11th July 2014
Cuadrilla has again confirmed to Balcombe Parish Council that it does not plan to frack at Balcombe “now or in the future”.
The company was responding to a letter, written three years ago by one of its directors to the Department of Energy and Climate Change, which said Cuadrilla had to frack at Balcombe to be “commercially productive”.
The letter emerged earlier this year during a trial of people arrested at the Balcombe anti-fracking protests. When the trial ended in May, with the acquittal of all the defendants, we carried this report.
Balcombe Parish Council said it had been asked to put the letter on its website but wanted to confirm the authenticity first.
The letter was dated June 10th 2011 and signed by director Andrew Price to Toni Harvey, DECC’s senior geoscientist.
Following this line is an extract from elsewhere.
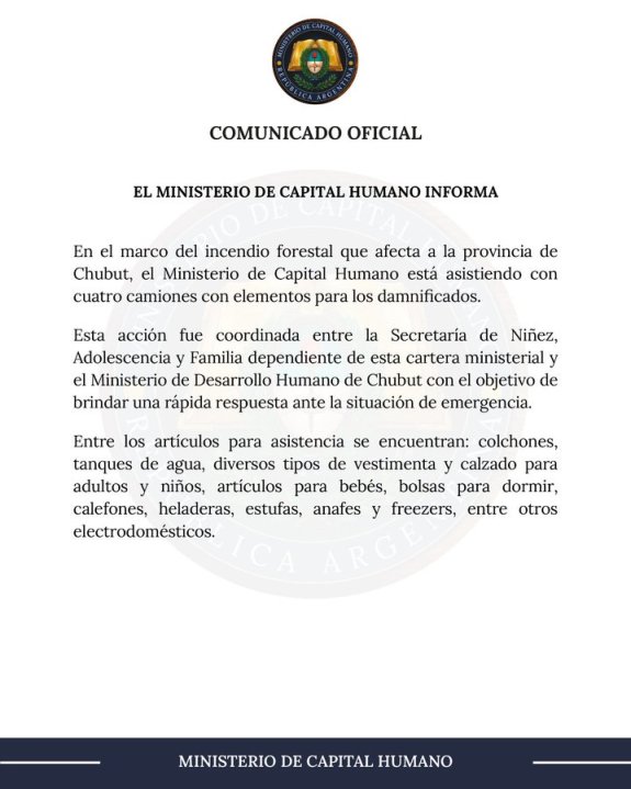 “Lo que está ocurriendo en Chubut es lamentable. Estos incendios están destruyendo bosques, infraestructura y poniendo en riesgo a la población”, expresó Monteoliva, quien remarcó que desde el inicio de la emergencia el Ministerio de Seguridad trabaja de manera coordinada con la Agencia Federal de Emergencias (AFE) y las autoridades provinciales.

Mr Price wrote that the company would “need to rely, to a significant degree, on being able to undertake hydraulic fracture stimulation(s) of this unconventional reservoir.”
Yesterday, Cuadrilla issued an unsigned statement to Balcombe Parish Council confirming that the letter was genuine. In the statement, the company said Mr Price wrote to DECC to ask for an extension to the time period it had been given to drill an exploratory well.
The statement added that two years later, in August 2013, when Cuadrilla drilled its exploratory well at Lower Stumble in Balcombe, the company was still not certain whether it would need to frack the micrite limestone to release oil. However, information from the well and other sources later confirmed that fracking wasn’t necessary, the statement said.
“Cuadrilla has therefore confirmed that we will not be carrying out hydraulic fracturing at the Lower Stumble site now or in the future.”
The planning application, approved by West Sussex County Council’s planning committee on April 29th 2014 was for flow testing, flaring and site restoration. It did not include hydraulic fracturing.